Do you maybe have an idea where all the missing reads go, and why I end up with such a low number of reads? I attached the stats file from the output folder. Thanks! stats.txt

hakanozadam commented 3 years ago

Hello,

Could you also share your parameters file ( the yaml file you provided input fastqs, mouse reference etc )?

imilenkovic commented 3 years ago

project.yaml.txt

Here - added the .txt so that I can upload it here.

hakanozadam commented 3 years ago

This low number might be due to the read length range. I suggest changing the min read length to 15 and max read length to 40. Could you rerun the pipeline after this change and check the ribo file again? Also, looking at the read length distribution will be very helpful.
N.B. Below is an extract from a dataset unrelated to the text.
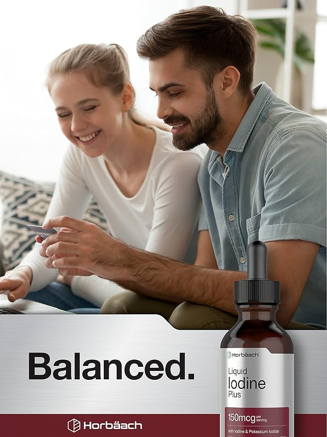 Horbäach Liquid Iodine Drops | 2 fl oz | 150 mcg | Iodine & Potassium Iodide Liquid Tincture | Vegetarian, Non-GMO, Gluten Free Supplement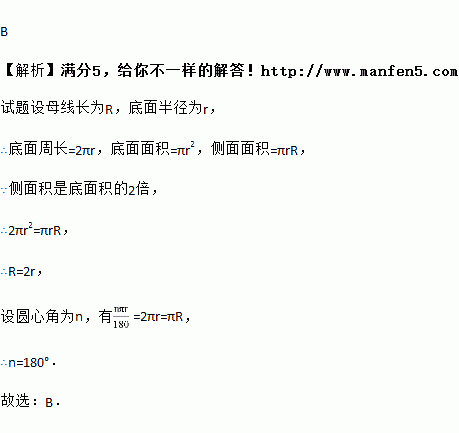 若一个圆锥的侧面积是底面积的2倍,则圆锥侧面展开图的扇形的圆心角为 ( )

If there are many ribosome footprints of length ,say greater than 33, they won't make it to the ribo file in the current settings. By modifying the parameters, you can include them.

More explicitly, in the following section of the project.yaml file, I recommend setting min to 15 and max to 40

# old version
# RiboPy parameters for ribo file generation.
ribo:
    ref_name:        "appris-v1"
    metagene_radius: 50
    left_span:       35
    right_span:      10
    read_length:
       min: 28
       max: 32
    coverage: true

So after the recommended changes, it should be as follows:

# new version
# RiboPy parameters for ribo file generation.
ribo:
    ref_name:        "appris-mouse-v1"
    metagene_radius: 50
    left_span:       35
    right_span:      10
    read_length:
       min: 15
       max: 40
    coverage: true
imilenkovic commented 3 years ago

I think this did the trick, thanks a lot!

imilenkovic commented 3 years ago

I just saw that you also changed the ref_name - is this important or it's just the way it's named? I assume it still reading the mouse files I specified elsewhere.

hakanozadam commented 3 years ago

No, reference name is not important. I just changed it so that mouse ribo files can easily be distinguished from human ribo files.

I am happy to hear that changing the read length solved the problem.

Thank you for providing feedback! It helps us a lot!